Liguori, E., Winkler, C., Hechavarria, D. and Lange, J. (2018), "Guest editorial", Journal of Enterprising Communities: People and Places in the Global Economy, Vol. 12 No. 2, pp. 86-91. https://doi.org/10.1108/JEC-02-2018-0017

Publisher

:

Emerald Publishing Limited

Copyright © 2018, Emerald Publishing Limited


Interdisciplinary perspectives on entrepreneurial ecosystems

Introduction

The term entrepreneurial ecosystems has gained increasing notoriety among scholars and practitioners, particularly because of the mainstream business books such as Feld’s (2012) Startup communities: Building an entrepreneurial ecosystem in your city and Isenberg’s (2014) Harvard Business Review article What an entrepreneurship ecosystem actually is. Together with many other writings, these works have popularized the phrase “entrepreneurial ecosystem”. Yet a problem remains, there is neither a universally accepted definition of the “entrepreneurial ecosystem” nor a theory explaining this phenomenon. This special issue invited scholarly contributions to examine various facets of the entrepreneurial ecosystem to help coalesce our understanding of what exactly it constitutes and how it affects entrepreneurship.

The term entrepreneurial ecosystem can be subdivided into two aspects. First, entrepreneurial, which delineates the focus of the ecosystem to the process of entrepreneurship, the creation of new products and/or services through opportunity identification and exploitation (Shane and Venkataraman, 2000). The second term, ecosystem, is based in scholarship of interpreting systems with a focus on organisms interacting with their physical environment (Bertness and Callaway, 1994). The terminology ecosystem was first introduced in management by Moore (1993), and it has increased in prevalence and application in both strategy and entrepreneurship literatures (Audretsch and Belitski, 2017). In strategy, an ecosystem is used to describe the processes of coopetition in technology-focused settings (Adner and Kapoor, 2010). The entrepreneurship literature uses the term to refer to entrepreneurial policy initiatives (Wessner, 2004), focused localized clusters of entrepreneurial activity (Kenney and Von Burg, 2000), innovation ecosystems (Nambisan and Baron, 2013) and national systems of entrepreneurship (Ács et al., 2014).

We follow Mason and Brown’s (2014, p. 5) definition of an entrepreneurial ecosystem as a set of:

[…] interconnected entrepreneurial actors (both potential and existing), entrepreneurial organizations (e.g., firms, venture capitalists, business angels, banks), institutions (e.g., universities, public sector agencies, financial bodies) and entrepreneurial processes (e.g., the business birth rate, numbers of high growth firms, levels of “blockbuster entrepreneurship”, number of serial entrepreneurs, degree of sell-out mentality within firms and levels of entrepreneurial ambition) which formally and informally coalesce to connect, mediate and govern the performance within the local entrepreneurial environment.

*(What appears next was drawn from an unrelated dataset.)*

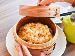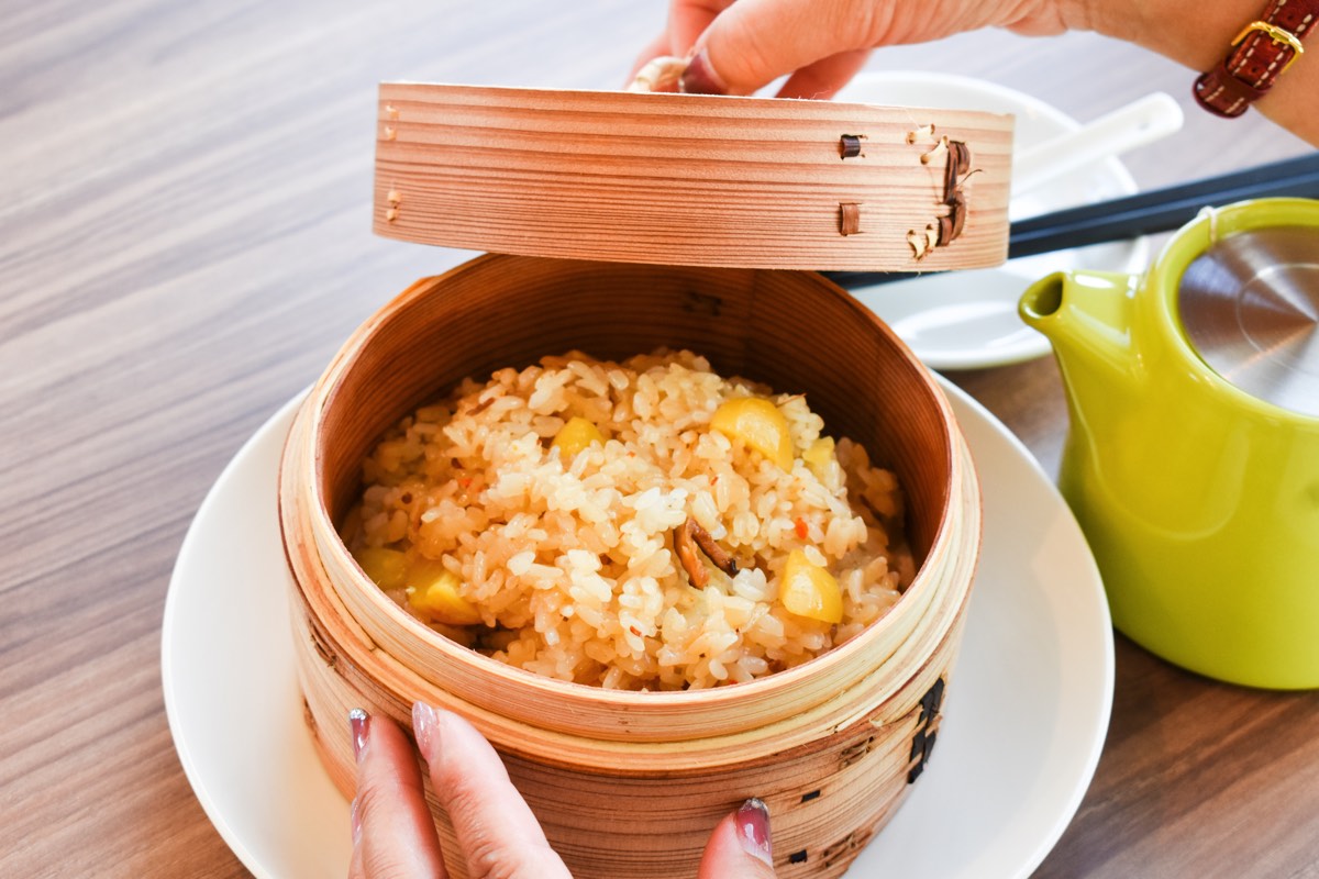 ・飲茶ランチセット 1,155円(11:00~14:00) ・ワインパミス入り小籠包 660円 ・ワインパミス入りエビ蒸し餃子 660円 ・セロリ入りエビ蒸し餃子 660円 ・手作りおこわ 550円(+220円で味噌汁付き) |

Aspects of an entrepreneurial ecosystem

An entrepreneurial ecosystem contains four dynamic elements: agents (e.g. entrepreneurs, stakeholders and any other form of system actor), the contextual environment (which captures system processes), outcomes of the system itself and the region or city (which identifies boundaries of the system). Accordingly, entrepreneurial ecosystems consist of communities with several agents. Agents like, local governments, colleges and universities, investors, mentors, service providers, media and incumbent companies are all driving forces in the creation and maintenance of an entrepreneurial ecosystem (Feld, 2012). The development of an entrepreneurial ecosystem can take many paths, but generally, innovation and business creation take precedent as desired outcomes. The system itself is dynamic and functions through knowledge-spillovers. As a result, entrepreneurial ecosystems tend to have a considerable impact on venture creation and innovation because of coopetition (Romero-Martínez and Montoro-Sánchez, 2008).

The most important facet of entrepreneurial ecosystems are its agents. The agents in the system do not make decisions in a vacuum; they are made based on interdependent issues confronted by other agents as they interact with the ecosystem. Simon (1956) argues that the structure of the environment has a significant influence on rational behavior. Therefore, the contextual environment or the structure of the entrepreneurial ecosystem, will both directly and indirectly influence the process of venturing because entrepreneurs respond to opportunities they discover or co-create in an ecosystem. The contextual environment encompasses all the system processes that shape the context of interacting with the environment for agents and the interaction of agents with the contextual environment result in system outcomes (e.g. performance, innovation and new business creation). Finally, the geography of the ecosystem is another area of focus because it sets the boundaries for the area of study.

Entrepreneurial ecosystems have boundaries owing to the fact that ecosystems are tied to geography. This supports arguments by Florida et al. (2017), who argue that the city (or the region) is the very center of the processes of innovation, entrepreneurship and creativity. They suggest that the city (or region) should be the central organizing unit of these processes in which the entrepreneur interacts with the environment. Accordingly, we contend the entrepreneurial ecosystem approach to the study of human behavior should posit a framework for examining the interactions that occur between people (agents) and their environment (context) within the system (a geographic region or city) and are aimed at outcomes (innovation, creativity or business creation) based on associated system processes (contextual structure for organizing).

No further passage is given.